Entries provided:
○ ○ ○ ○ ○ ○ ○
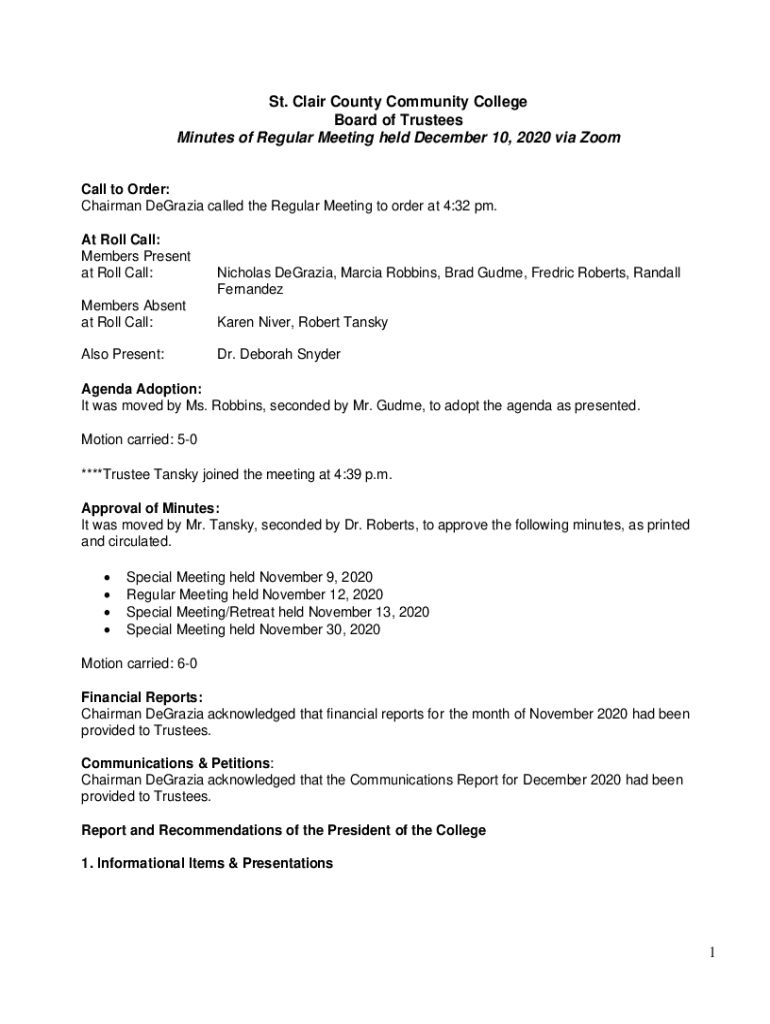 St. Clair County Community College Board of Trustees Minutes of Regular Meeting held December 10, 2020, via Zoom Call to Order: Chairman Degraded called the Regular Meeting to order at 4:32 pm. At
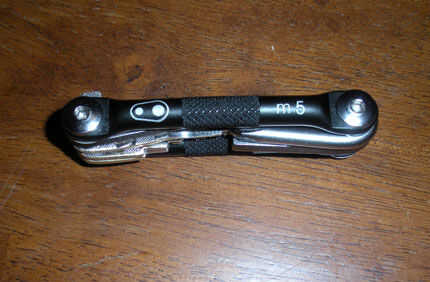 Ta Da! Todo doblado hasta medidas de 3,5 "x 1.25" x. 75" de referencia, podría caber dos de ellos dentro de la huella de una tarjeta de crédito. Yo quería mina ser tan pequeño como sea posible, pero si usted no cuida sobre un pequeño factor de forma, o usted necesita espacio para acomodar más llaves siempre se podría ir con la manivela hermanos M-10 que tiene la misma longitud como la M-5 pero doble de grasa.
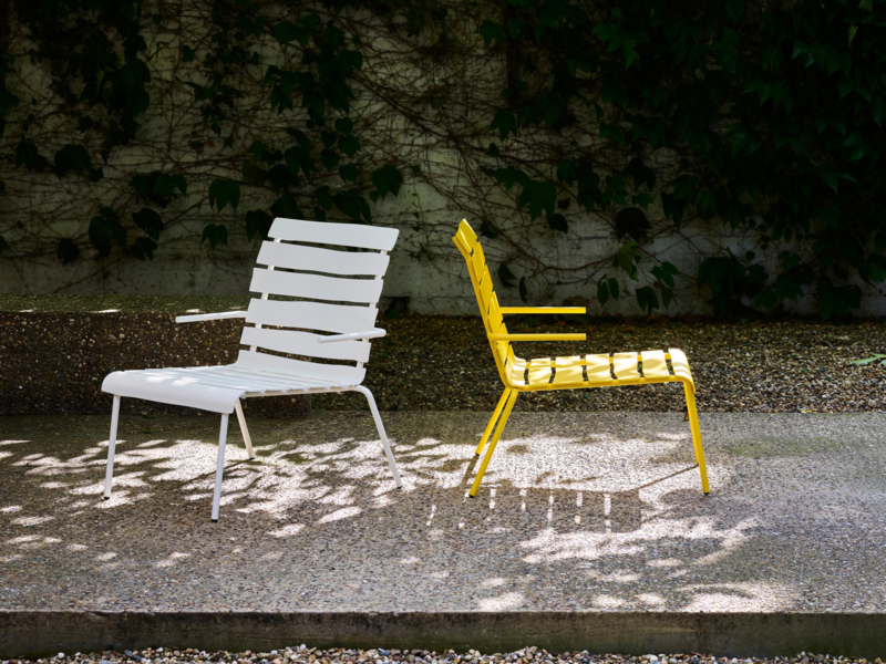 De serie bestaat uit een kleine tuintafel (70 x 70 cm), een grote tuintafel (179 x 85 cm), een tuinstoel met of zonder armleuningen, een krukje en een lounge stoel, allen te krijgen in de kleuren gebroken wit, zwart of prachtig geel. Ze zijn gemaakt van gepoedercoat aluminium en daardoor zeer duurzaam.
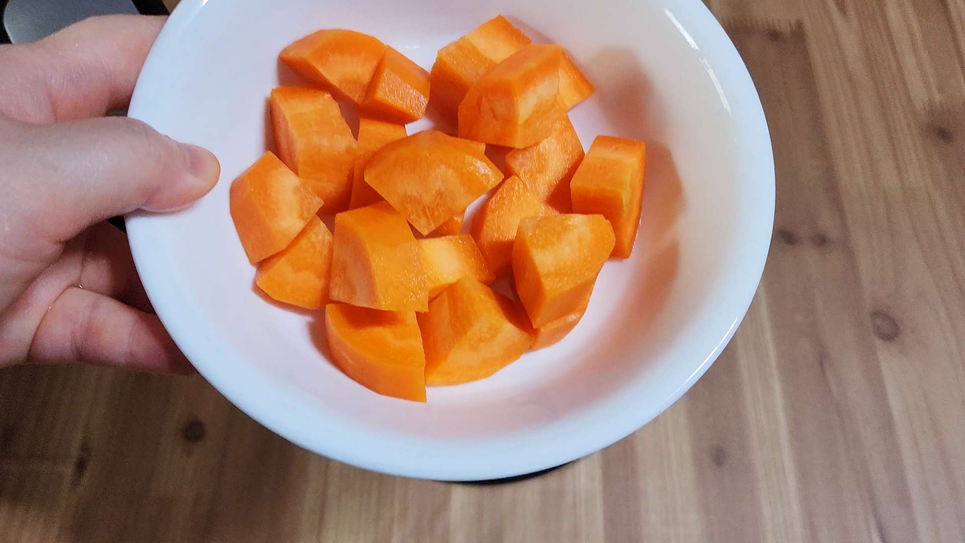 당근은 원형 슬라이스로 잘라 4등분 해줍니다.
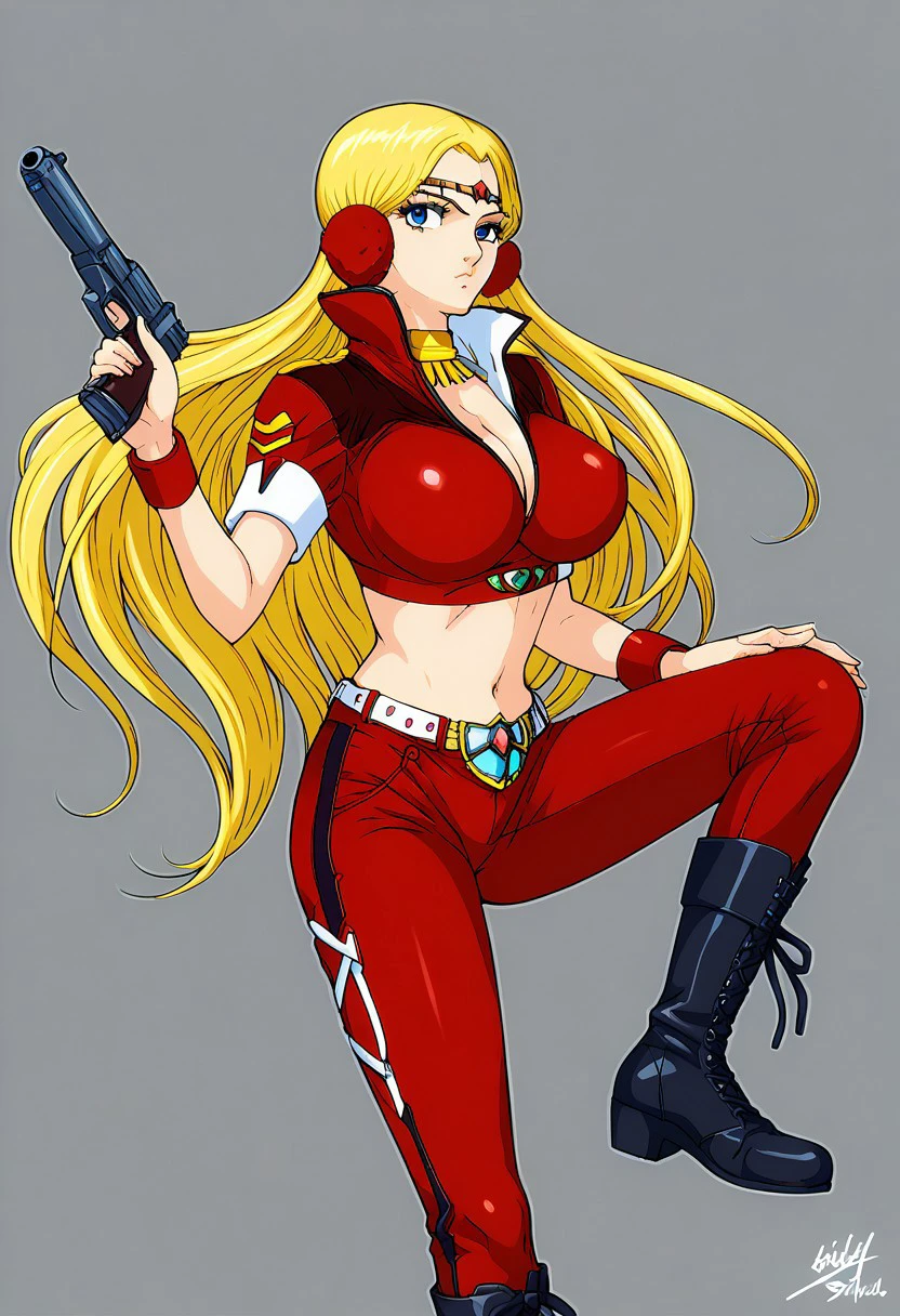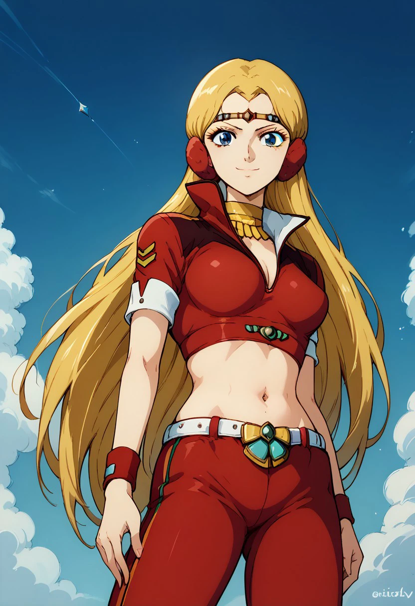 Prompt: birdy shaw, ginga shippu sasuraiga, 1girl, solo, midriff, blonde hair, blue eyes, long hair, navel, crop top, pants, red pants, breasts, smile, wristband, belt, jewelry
○ ○ ○ ○ ○ ○ ○
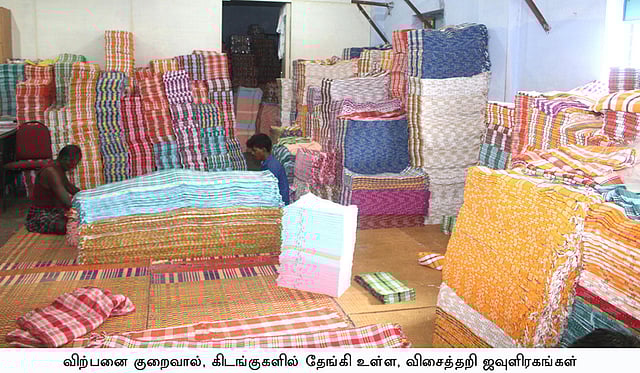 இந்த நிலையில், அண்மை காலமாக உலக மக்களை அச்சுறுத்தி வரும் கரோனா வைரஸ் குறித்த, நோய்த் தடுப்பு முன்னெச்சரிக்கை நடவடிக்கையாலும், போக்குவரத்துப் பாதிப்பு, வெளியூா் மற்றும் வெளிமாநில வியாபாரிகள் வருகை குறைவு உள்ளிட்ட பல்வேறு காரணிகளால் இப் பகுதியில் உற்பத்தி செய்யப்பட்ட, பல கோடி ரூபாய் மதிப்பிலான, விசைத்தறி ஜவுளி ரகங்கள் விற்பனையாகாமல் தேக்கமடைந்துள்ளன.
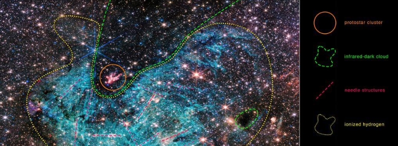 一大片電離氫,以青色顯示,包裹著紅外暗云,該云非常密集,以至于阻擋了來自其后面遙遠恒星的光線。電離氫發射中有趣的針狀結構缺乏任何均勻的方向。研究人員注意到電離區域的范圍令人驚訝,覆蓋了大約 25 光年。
○ ○ ○ ○ ○ ○ ○
Go to the line above that has "당근은 원형 슬라이스로 잘라 4등분 해줍니다." and copy exactly from there down to the line that has "Prompt: birdy shaw, ginga", both included. Leave the pictures out.

 당근은 원형 슬라이스로 잘라 4등분 해줍니다.
 Prompt: birdy shaw, ginga shippu sasuraiga, 1girl, solo, midriff, blonde hair, blue eyes, long hair, navel, crop top, pants, red pants, breasts, smile, wristband, belt, jewelry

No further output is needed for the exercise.